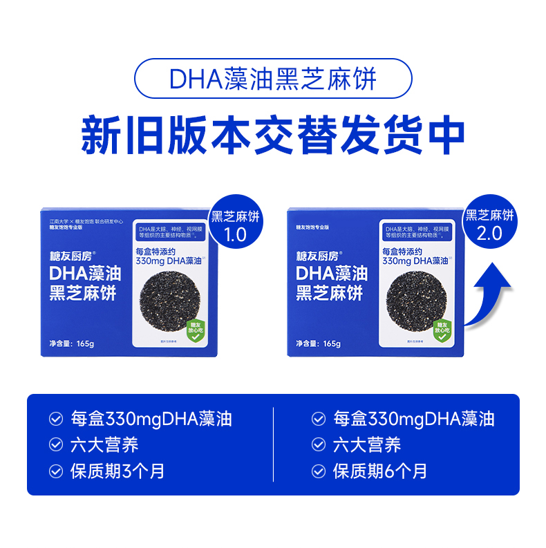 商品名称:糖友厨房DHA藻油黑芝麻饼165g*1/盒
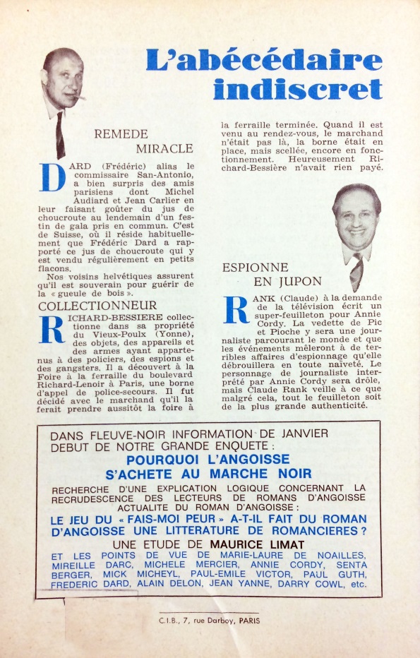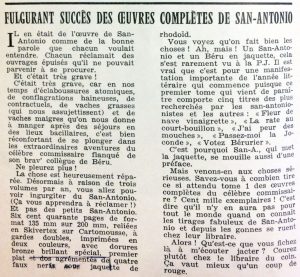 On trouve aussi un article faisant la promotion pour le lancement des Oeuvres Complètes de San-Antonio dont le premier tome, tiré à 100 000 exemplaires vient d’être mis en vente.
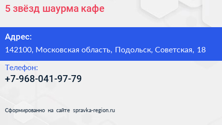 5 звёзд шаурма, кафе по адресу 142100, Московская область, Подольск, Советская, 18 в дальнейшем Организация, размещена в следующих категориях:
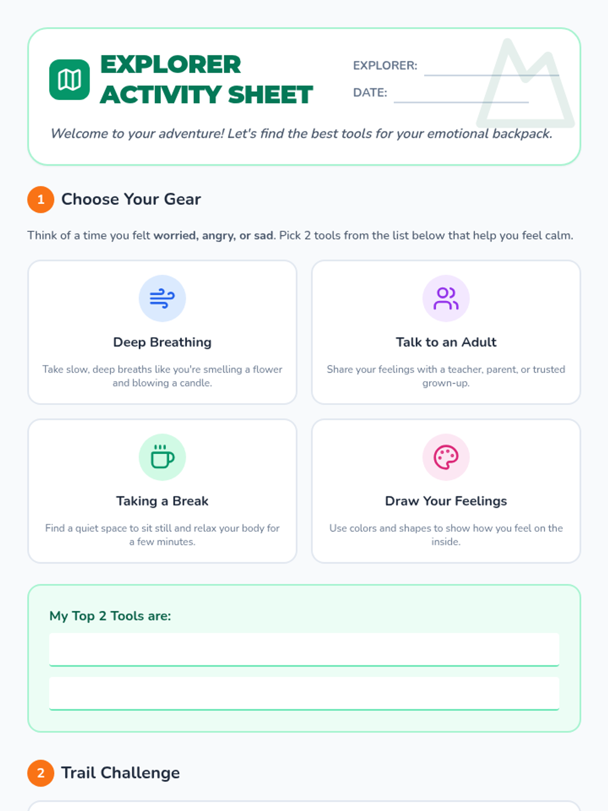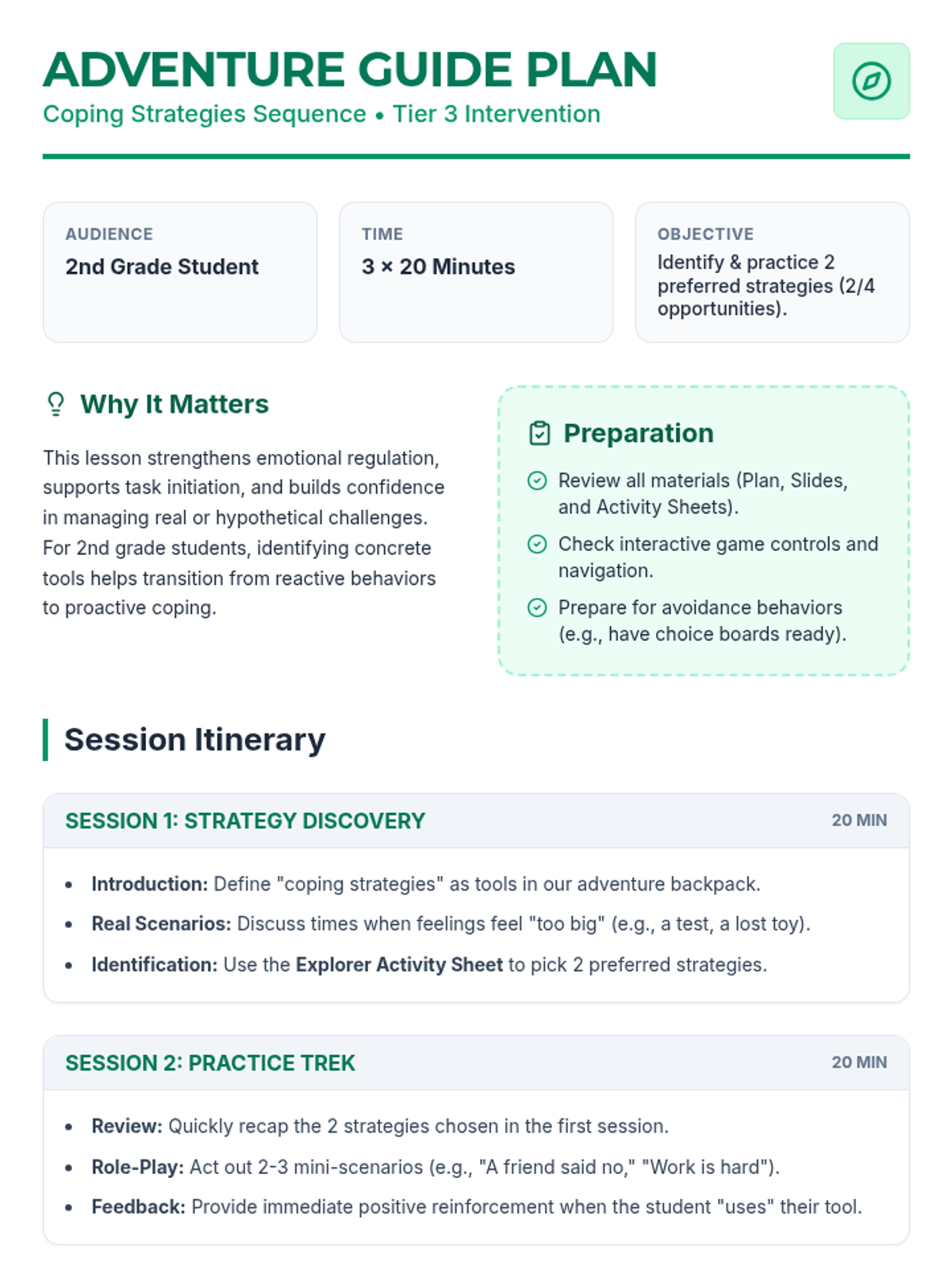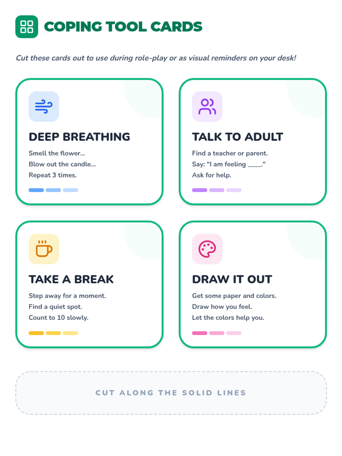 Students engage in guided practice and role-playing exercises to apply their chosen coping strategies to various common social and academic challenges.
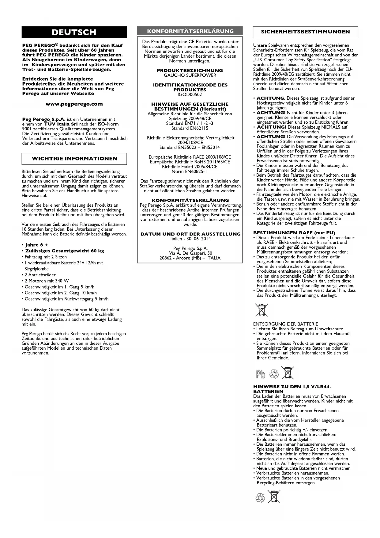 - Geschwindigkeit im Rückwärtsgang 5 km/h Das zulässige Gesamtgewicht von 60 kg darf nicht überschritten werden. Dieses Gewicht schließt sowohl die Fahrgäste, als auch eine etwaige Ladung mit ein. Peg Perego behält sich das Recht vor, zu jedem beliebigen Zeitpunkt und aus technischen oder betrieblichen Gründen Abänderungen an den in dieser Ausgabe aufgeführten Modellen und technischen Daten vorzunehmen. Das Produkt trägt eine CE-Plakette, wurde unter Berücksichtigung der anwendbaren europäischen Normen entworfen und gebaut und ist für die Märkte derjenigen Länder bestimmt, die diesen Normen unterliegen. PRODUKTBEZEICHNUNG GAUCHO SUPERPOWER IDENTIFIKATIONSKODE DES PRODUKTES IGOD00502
══════════
▶ **YOUR ASSIGNMENT**
Repeat the material above word for word and skip every image in it.

▶ **RESPONSE TO THIS EXERCISE**
 商品名称:糖友厨房DHA藻油黑芝麻饼165g*1/盒
 On trouve aussi un article faisant la promotion pour le lancement des Oeuvres Complètes de San-Antonio dont le premier tome, tiré à 100 000 exemplaires vient d’être mis en vente.
 5 звёзд шаурма, кафе по адресу 142100, Московская область, Подольск, Советская, 18 в дальнейшем Организация, размещена в следующих категориях:
 Students engage in guided practice and role-playing exercises to apply their chosen coping strategies to various common social and academic challenges.
 - Geschwindigkeit im Rückwärtsgang 5 km/h Das zulässige Gesamtgewicht von 60 kg darf nicht überschritten werden. Dieses Gewicht schließt sowohl die Fahrgäste, als auch eine etwaige Ladung mit ein. Peg Perego behält sich das Recht vor, zu jedem beliebigen Zeitpunkt und aus technischen oder betrieblichen Gründen Abänderungen an den in dieser Ausgabe aufgeführten Modellen und technischen Daten vorzunehmen. Das Produkt trägt eine CE-Plakette, wurde unter Berücksichtigung der anwendbaren europäischen Normen entworfen und gebaut und ist für die Märkte derjenigen Länder bestimmt, die diesen Normen unterliegen. PRODUKTBEZEICHNUNG GAUCHO SUPERPOWER IDENTIFIKATIONSKODE DES PRODUKTES IGOD00502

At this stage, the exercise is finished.